Things that you might want to do before discarding the pre-boot environment may include:
  • Get a map of the physical address space (not just which areas are usable RAM)
  • Get a list of video modes that are available during boot
  • Get the monitor's EDID
  • Set a video mode
  • Get a list of disk drives present and (for BIOS) their "virtual cylinders, heads, and sectors" information (so you can correctly create the old CHS values in partition tables after boot without guesswork, and know which devices are which "BIOS device number")
  • If you booted from disk, try to determine which disk drive you booted from (e.g. so the OS can update itself reliably, even when there's 2 or more versions of the same OS installed)
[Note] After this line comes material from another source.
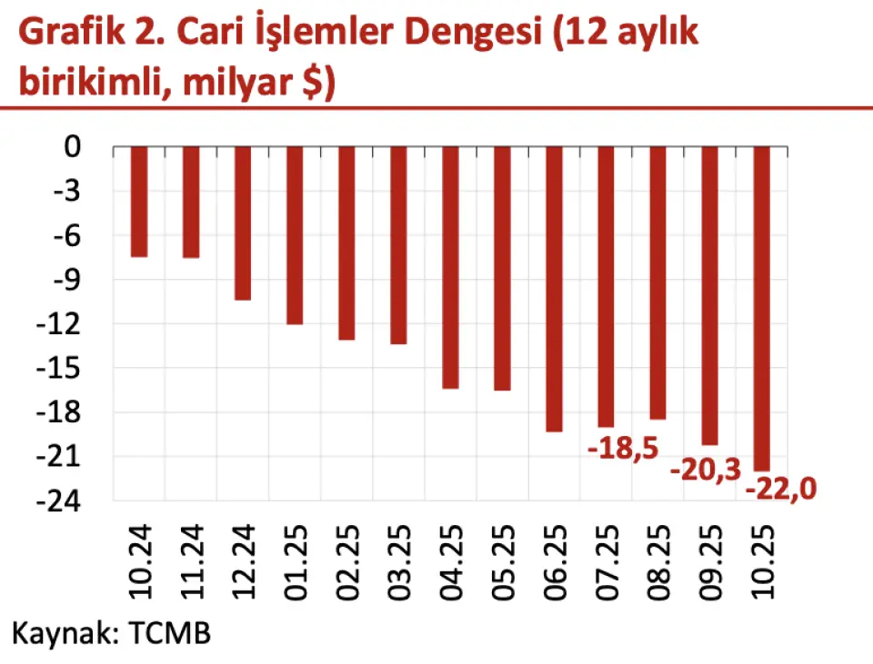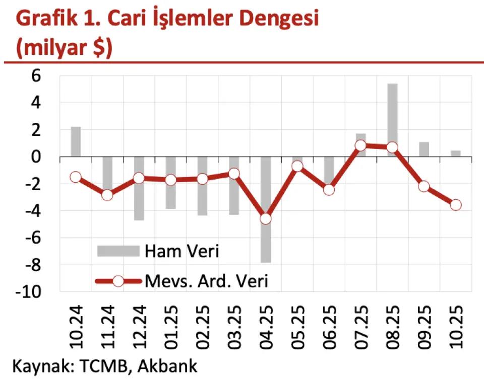 "Cari dengede kasım ayı ile birlikte hizmetlerin mevsimsel etkisinin zayıflaması ve enerji ithalatının mevsimsel etkilerle artmasıyla açık verdiği döneme giriyoruz. Kasım ayında cari açığın 2,5 milyar $ civarında olacağını tahmin ediyoruz. Cari dengede temmuz ve ağustos aylarında oldukça olumlu bir seyir izlenmişti. Ancak eylül ve ekim aylarında hızlı bir bozulma gerçekleşti.

  • If you booted from network, get networking information for the network card you booted from (the card's MAC address and IP address, plus the DNS server's IP address, TFTP server's IP address, etc) so that you can avoid doing (relatively slow) DHCP negotiations a second time if/when possible
  • For BIOS; determine which PCI access mechanism the motherboard uses (it's best to ask the BIOS to avoid manual probing)
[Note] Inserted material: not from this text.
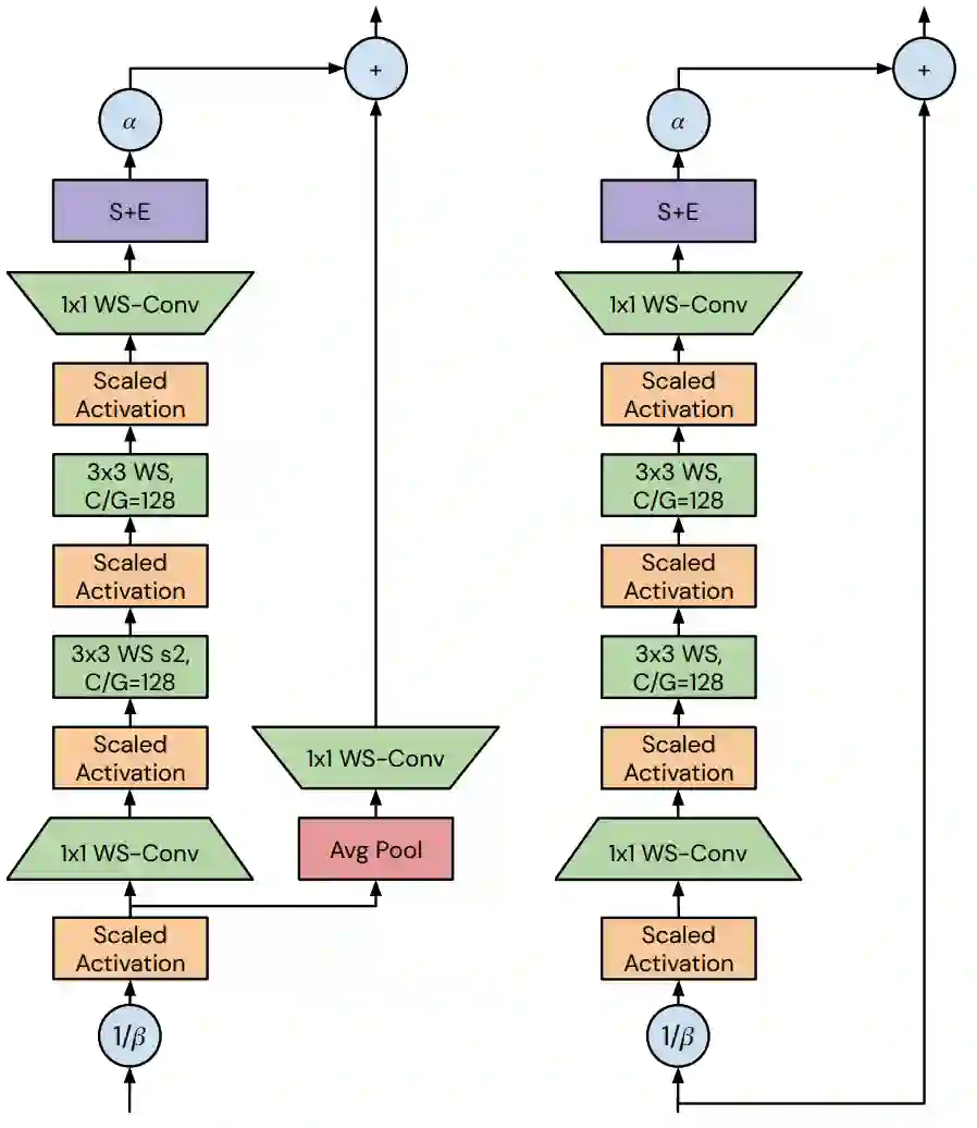 在本文的残差块中没有使用激活归一化层。相反,作者采用了 Normalizer-Free variance downscaling 策略。这意味着残差块的主路径的输入乘以 1/β,其中 β 是初始化时该块方差的分析预测值,块输出乘以一个超参 α。此外,作者还引入 SkipInit,这是一个可学习的零初始化标量增益,除了 α 之外,它将残差块初始化为 identity(除了在过渡层),作者发现这可以提高非常深的网络的稳定性。所有的卷积运算都采用 Scaled Weight Standardization,对标准化的权重采用可学习的 affine gain,对卷积运算的输出采用可学习的 affine bias。

  • For BIOS; enable A20 (best to ask BIOS to do it and fall back to less reliable methods if the BIOS won't)
  • For BIOS; if you might be planning to use long mode (even if you don't know that you definitely will use long mode); call the "int 0x15, eax = 0xEC00" BIOS function to tell the BIOS your intentions. Note: Most people forget this, and nobody knows why it exists, but it's something you are supposed to do (according to at least some of AMD's "BIOS and Kernel Developer's Guides").
  • For UEFI; get the addresses of significant tables (ACPI, SMBIOS) because UEFI tells you where they are and (unlike BIOS) you don't have to search for them
  • Load the kernel and/or whatever (boot image, "initrd")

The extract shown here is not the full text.